How to Add Custom Model Evaluator#
This document describes how to add custom model evaluator to Olive.
Olive implements evaluation logic via class (OliveEvaluator
)[https://github.com/microsoft/Olive/blob/main/olive/evaluator/olive_evaluator.py#L59]. Users can extend this implementation and override the evaluate
method to implement their own custom logic.
Arguments to the OliveEvaluator.evaluate
function:
model: OliveModelHandler
: Model to evaluate.metrics: List[Metric]
: List of metrics to evaluate for.device: Device
: Target device to evaluate on.execution_providers: Union[str, List[str]]
: Evaluation provider(s) to use for the target device.
Here is an example of how to subclass (OliveEvaluator
)[https://github.com/microsoft/Olive/blob/main/olive/evaluator/olive_evaluator.py#L59]:
from typing import List, Union
from olive.evaluator.registry import Registry
from olive.evaluator import (
Metric,
MetricResult,
OliveEvaluator,
flatten_metric_result,
)
from olive.hardware import Device
from olive.model.handler import OliveModelHandler
@Registry.register("my_custom_evaluator")
def my_custom_evaluator(**kwargs):
return MyCustomEvaluator(**kwargs)
class MyCustomEvaluator(OliveEvaluator):
def evaluate(
self,
model: OliveModelHandler,
metrics: List[Metric],
device: Device = Device.CPU,
execution_providers: Union[str, List[str]] = None,
) -> MetricResult:
# Your custom evaluation logic goes in here
# Olive expects the return to be flattened
return flatten_metric_result(metrics)
For detailed information on supported metric types, refer to Metric
. MetricResult
holds the final result of evaluation.
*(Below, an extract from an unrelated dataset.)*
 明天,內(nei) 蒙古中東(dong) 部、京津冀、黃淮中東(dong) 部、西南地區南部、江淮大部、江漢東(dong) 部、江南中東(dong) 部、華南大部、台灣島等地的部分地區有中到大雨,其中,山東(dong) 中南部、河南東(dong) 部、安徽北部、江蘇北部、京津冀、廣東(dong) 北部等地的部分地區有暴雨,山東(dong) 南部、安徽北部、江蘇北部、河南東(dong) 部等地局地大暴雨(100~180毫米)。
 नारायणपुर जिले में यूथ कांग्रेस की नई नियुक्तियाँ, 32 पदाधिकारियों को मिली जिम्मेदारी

Snippet below demonstrates how to build the final results from computed metrics.
{
"metrics":[
{
"name": "accuracy",
"type": "accuracy",
"sub_types": [
{"name": "acc", "priority": 1, "goal": {"type": "max-degradation", "value": 0.01}},
{"name": "f1"},
{"name": "auroc"}
]
},
{
"name": "latency",
"type": "latency",
"sub_types": [
{"name": "avg", "priority": 2, "goal": {"type": "percent-min-improvement", "value": 20}},
{"name": "max"},
{"name": "min"}
]
}
]
}
final_metric_results = {}
for metric_name, eval_results in results.items():
sub_metrics = {}
for sub_metric_name, sub_metric_result in eval_results.items():
sub_metrics[m] = SubMetricResult(value=sub_metric_result, priority=-1, higher_is_better=True)
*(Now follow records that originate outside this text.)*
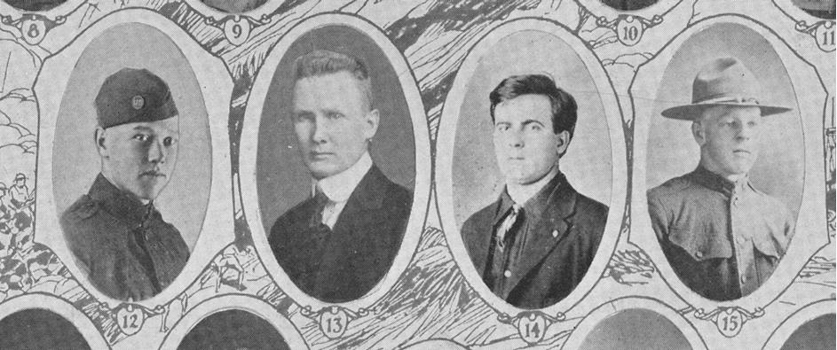 Smith, Austin C. 2d Lieutenant, Air Serve; Picture 17 born at Seattle WA, 22 Apr 1893; son of Dr. Clarence A. And Susan Smith, Seattle; entered service at Seattle, 30 Jan 1918; transferred from S.M.A., Berkeley CA to aviation concentration camp. Camp Dix TX; to school of fire for F. A., Fort Sill OK; to Post aviation field, Fort Sill; promoted from cadet to 2d lieutenant; mustered out at For Sill, 20 Dec 1918.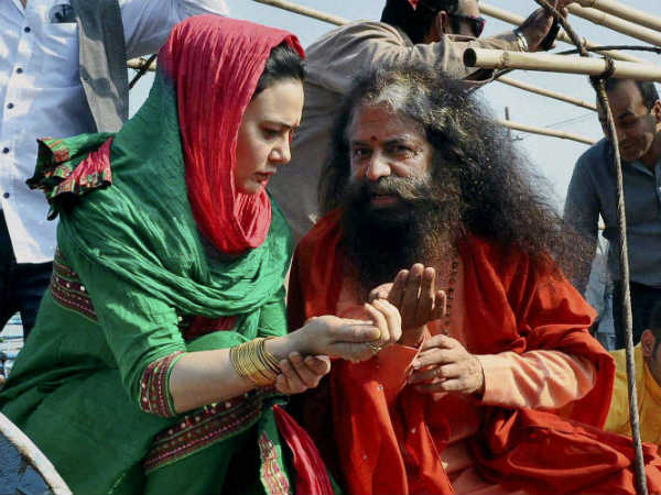 कुंभ में स्नान के बाद पूजा-अर्चना करती अभिनेत्री प्रीती जिंटा।
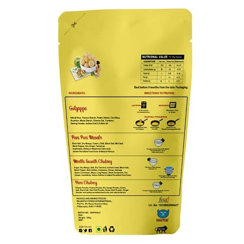 • Packet contains - Dry Atta Golgappa Pani Puri Masala Meethi Sounth Chutney Hari Chutney. Weight - 200g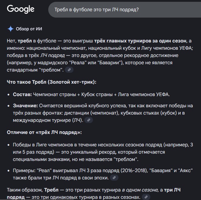 Чтоб команда могла назвать себя действительно великой, нужен требл, без этого никуда.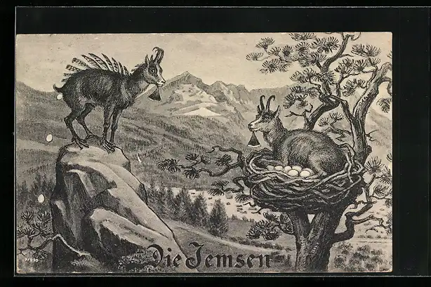 AK Kuriosa, Die Jemsen, Gämse in ihrem Nest brütend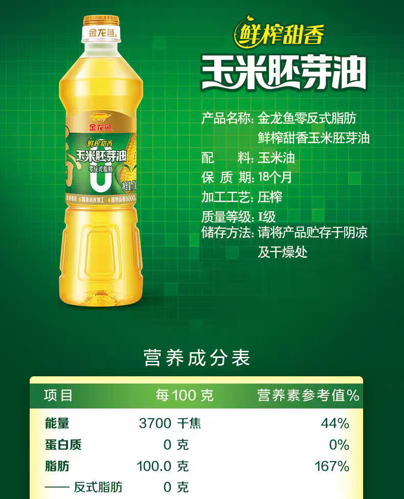 【八十八倉甄选】金龙鱼零反式脂肪鲜榨甜香玉米胚芽油700ml
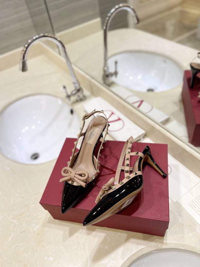 Valentino新款华伦Rockstud铆钉蝴蝶结高跟凉鞋,又一完美的设计尤其是蝴蝶结完全1:1完美复刻 皮蝴蝶结 也是点睛之笔,上脚尽显优雅气质♀♀♀♀♀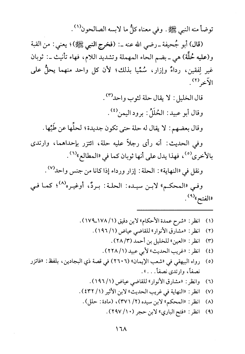 وفي "المحكم" لابن سيده: الحلة: بردٌ، أوغيره (٨)؛ كما في "الفتح" (٩).

final_metric_results[metric_name] = MetricResult.parse_obj(sub_metrics)
return flatten_metric_result(final_metric_results)
LMEvaluator
in (olive_evaluator.py)[https://github.com/microsoft/Olive/blob/main/olive/evaluator/olive_evaluator.py#L1068] is a good example that demonstrate evaluating a HuggingFace model using (lm_eval
)[https://github.com/EleutherAI/lm-evaluation-harness] harness.